THE ISOLATION JOURNALS - DAY 13 - LIFETIME OF YES
Today’s prompt:
I invite you to reflect on a new beginning that was meaningful for you. You might think about a literal beginning: new job, relationship, state of being (pre-child to parent, singledom to marriage). You might think about a new conviction, habit, or a crucial choice you made: when you decided to stop apologizing all the time, that summer you actually started meditating, or the day you stopped drinking. Tell the story of your new beginning. What did it make room for? Why was it important? How did your new beginning lead you to where you are today?
Lifetime of Yes
There used to be this Maybelline mascara commercial back in the 1980s. It featured two attractive young models – I believe they were supposed to be sisters – who proclaimed that they were “opposites, right down to our lashes.” (Cue: bold, smoky eye vs. tasteful, natural eye.)
The Maybelline sisters had centuries of literary role models to draw from. Elinor and Marianne (Sense and Sensibility). Meg and Jo (Little Women). Stella and Blanche (Streetcar Named Desire). Mary and Laura (the Little House books). The practical older sister living quietly (and somewhat judgmentally) in the shadow of her impetuous and much more fun younger sister.
And so it was in my family. I was the older, studious sister; the corporate lawyer and mother of two. She was the younger, glamorous sister; the New York City fashion editor with the Carrie Bradshaw bachelorette lifestyle.
“I’m going to Paris Fashion Week,” she informed me from her sleek Nokia cellphone. “They’re putting me up at the Four Seasons George V. Come join me. You can stay in my suite. All you need to do is pay for airfare.”

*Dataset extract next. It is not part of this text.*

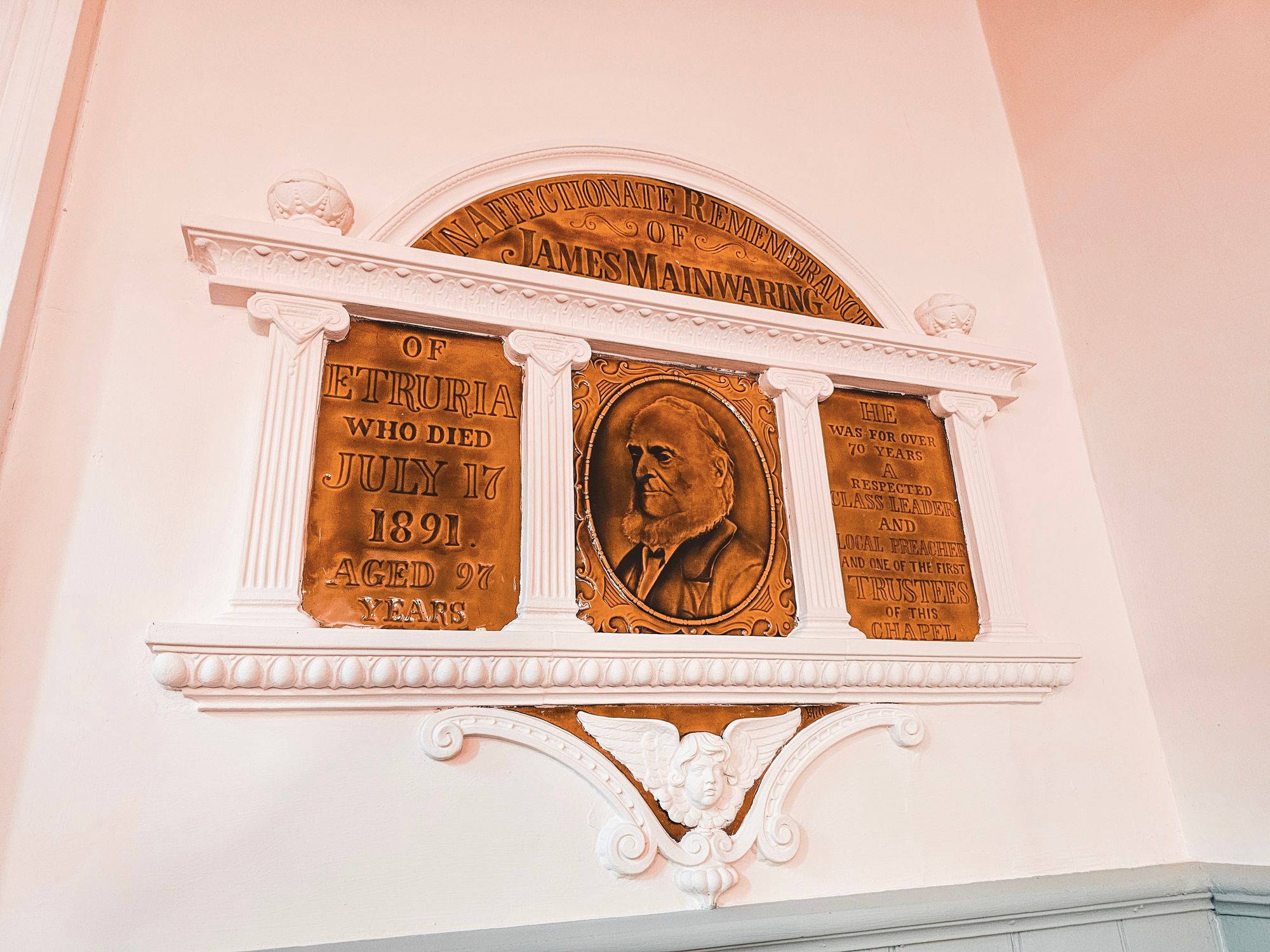 Inside, the chapel is a trove of local history. Among its many memorials, an unusual earthenware tribute stands out, dedicated to James Mainwaring. He served not only as one of the chapel's earliest trustees but also preached for an impressive seven decades.

“Thanks, hon,” I said, jostling the fussy infant in my arms while packing the next day’s Ziplock of Cheerios for my preschooler. “But I’ve only got two weeks of vacation left at work, and I need to save those up for visiting my in-laws at Christmas.”
Years passed.
“I’m going to Milan,” she typed on her space-age Blackberry. “They’re giving me my own car and driver. Come join me. You can eat your weight in incredible pasta. All you need to do is pay for airfare.”
“Thanks, hon,” I said, wiping down the kitchen table after dinner while checking my kindergartener’s math homework for mistakes. “But I’ve got a hearing coming up in one of my cases, and I really can’t afford to let my clients down.”
Years passed.
“OK,” she said on my voicemail, “I already know what your answer is, but what the hell. I’m going to the shoe show in Las Vegas. Less than an hour flight from San Francisco. I’m staying at The Wynn, a new hotel right on the Strip. We’ll see a show. Go shopping. Get a massage. Think about it.”
My husband and kids were asleep. I looked at myself in the mirror. I was still bald from having just completed four months of chemotherapy. The color in my cheeks was starting to come back. The scars on my chest had finally finished healing.
Sure,” I wrote back. “I’ll meet you in Vegas.”
I don’t know who was more surprised – me or my sister – when we saw one another in The Wynn’s tropical garden lobby. But I do know we had so much fun that week-end that I signed up to meet her the following fall for Paris Fashion Week.
Imagine the most perfect week in Paris. Visiting the Louvre – check. Enjoying dinner at Le Grand Colbert (the bistro from Something’s Gotta Give) – check. Sitting second row center at the Valentino show across from Kanye West – check. Having your photo taken by the legendary New York Times photographer Bill Cunningham – check.
None of these things would have happened if I hadn’t said yes. And I wouldn’t have said yes if I hadn’t just come off the absolutely worst year of my life.
Shonda Rhimes, the brilliant creator of Grey’s Anatomy, Scandal, and How to Get Away with Murder, had a best-selling book a couple years ago called Year of Yes. I’ve read the book, and it’s awesome. But honestly, I think Shonda’s sold us all short.
A year of yes? Sure, that’s a good start.
But a lifetime of yes? That’s what it’s all about.